# Assigned task
Return the material below exactly, but only from the line with "There are a" through the line with "アアルトが開発した「L-レッ", and without its pictures.

# Entries provided
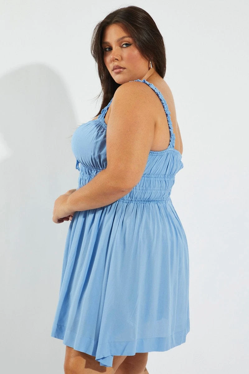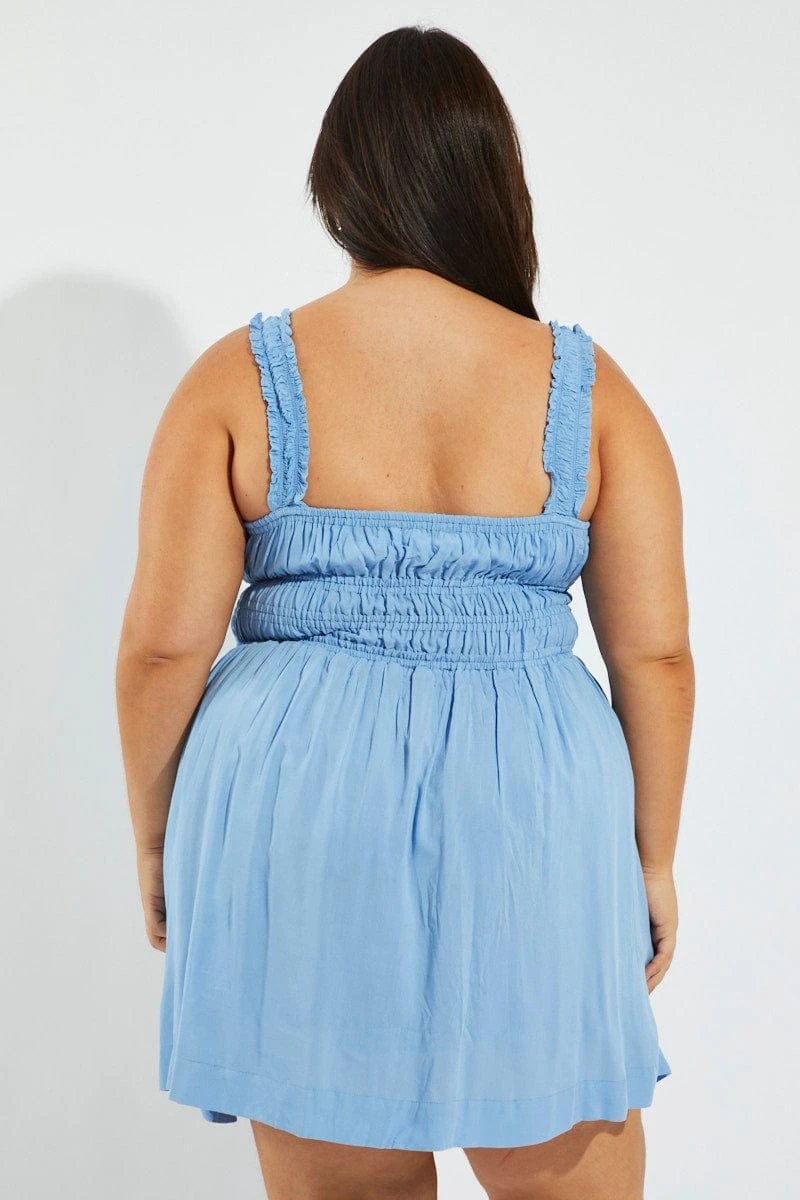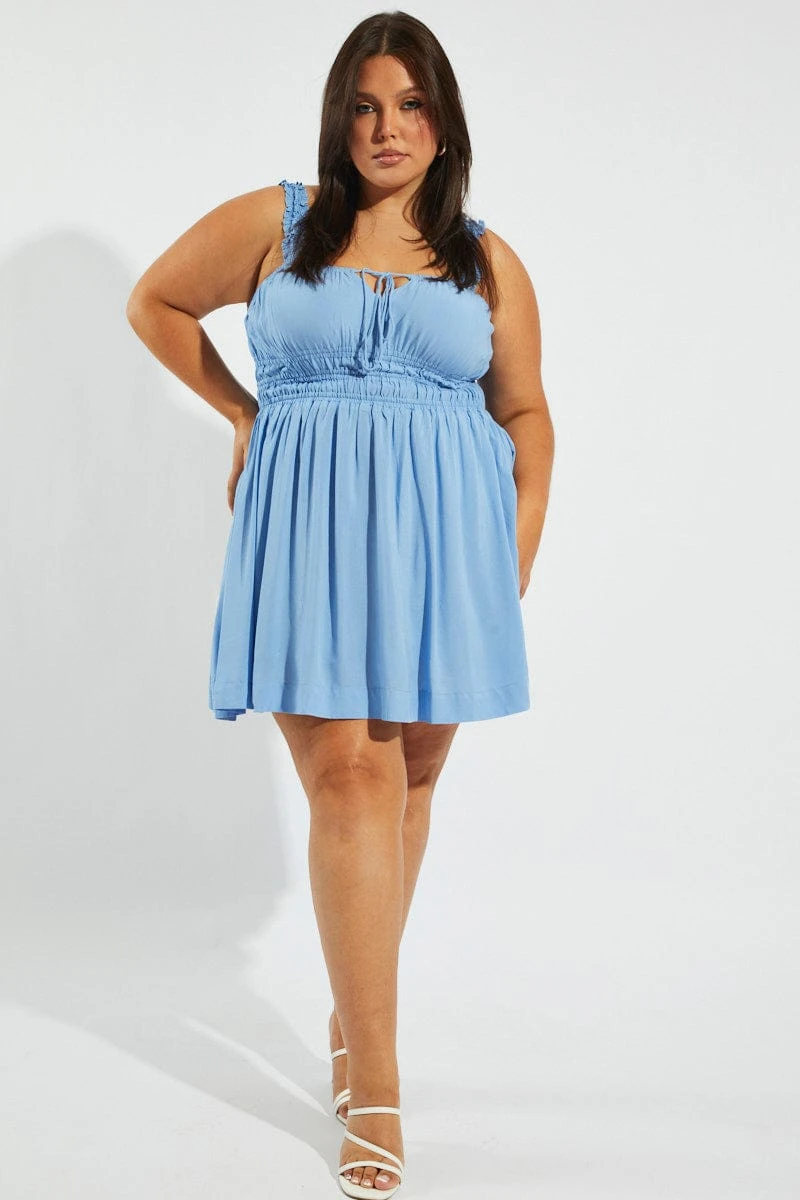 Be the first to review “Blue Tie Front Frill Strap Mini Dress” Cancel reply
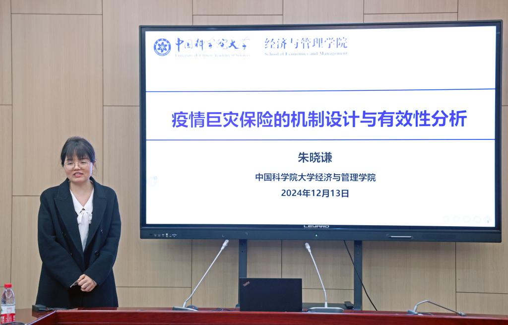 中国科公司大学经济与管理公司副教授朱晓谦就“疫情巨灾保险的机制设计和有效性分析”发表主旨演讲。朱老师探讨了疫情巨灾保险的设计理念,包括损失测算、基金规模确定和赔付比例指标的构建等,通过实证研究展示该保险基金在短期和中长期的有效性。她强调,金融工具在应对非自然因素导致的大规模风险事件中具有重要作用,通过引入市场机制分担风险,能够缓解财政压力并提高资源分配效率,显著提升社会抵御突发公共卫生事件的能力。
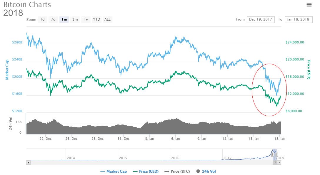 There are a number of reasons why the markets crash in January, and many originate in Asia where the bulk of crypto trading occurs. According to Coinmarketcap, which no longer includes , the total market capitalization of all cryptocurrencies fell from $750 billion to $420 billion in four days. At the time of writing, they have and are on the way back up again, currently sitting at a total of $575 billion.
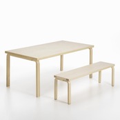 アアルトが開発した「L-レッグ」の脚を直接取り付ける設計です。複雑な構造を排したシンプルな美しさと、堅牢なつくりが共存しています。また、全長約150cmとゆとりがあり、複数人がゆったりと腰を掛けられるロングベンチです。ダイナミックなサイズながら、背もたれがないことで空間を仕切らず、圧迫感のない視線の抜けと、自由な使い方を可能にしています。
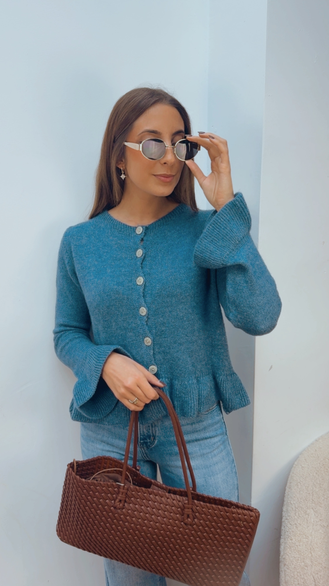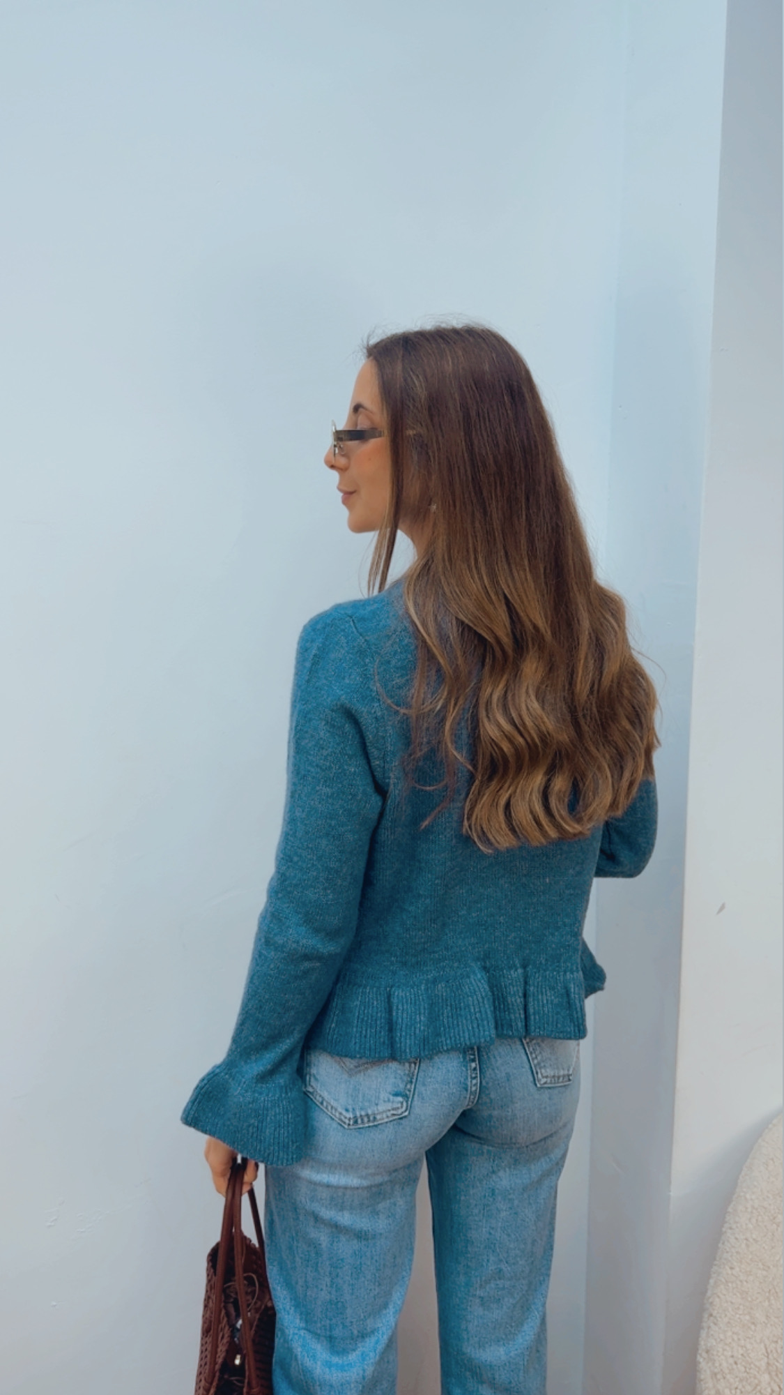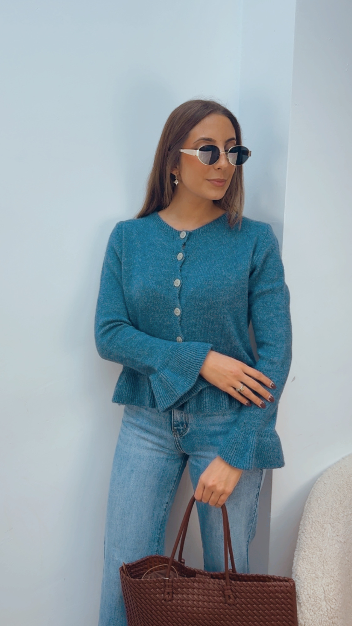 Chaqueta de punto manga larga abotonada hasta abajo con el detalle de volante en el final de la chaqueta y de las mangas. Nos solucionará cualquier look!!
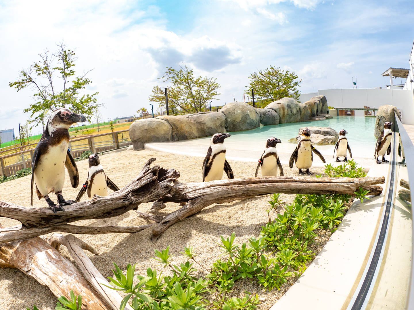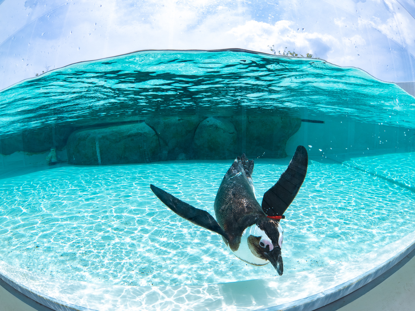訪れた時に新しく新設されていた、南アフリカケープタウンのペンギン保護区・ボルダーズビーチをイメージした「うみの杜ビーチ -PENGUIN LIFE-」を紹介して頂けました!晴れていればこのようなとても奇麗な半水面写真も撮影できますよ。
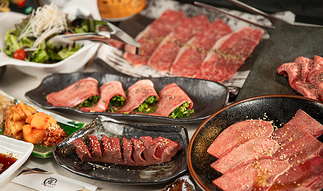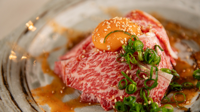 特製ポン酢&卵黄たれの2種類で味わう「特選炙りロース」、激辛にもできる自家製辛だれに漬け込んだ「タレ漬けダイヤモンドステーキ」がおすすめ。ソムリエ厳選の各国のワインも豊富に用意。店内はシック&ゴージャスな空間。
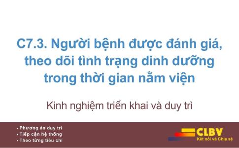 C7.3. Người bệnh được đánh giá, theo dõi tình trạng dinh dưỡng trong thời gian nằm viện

# Task response
 There are a number of reasons why the markets crash in January, and many originate in Asia where the bulk of crypto trading occurs. According to Coinmarketcap, which no longer includes , the total market capitalization of all cryptocurrencies fell from $750 billion to $420 billion in four days. At the time of writing, they have and are on the way back up again, currently sitting at a total of $575 billion.
 アアルトが開発した「L-レッグ」の脚を直接取り付ける設計です。複雑な構造を排したシンプルな美しさと、堅牢なつくりが共存しています。また、全長約150cmとゆとりがあり、複数人がゆったりと腰を掛けられるロングベンチです。ダイナミックなサイズながら、背もたれがないことで空間を仕切らず、圧迫感のない視線の抜けと、自由な使い方を可能にしています。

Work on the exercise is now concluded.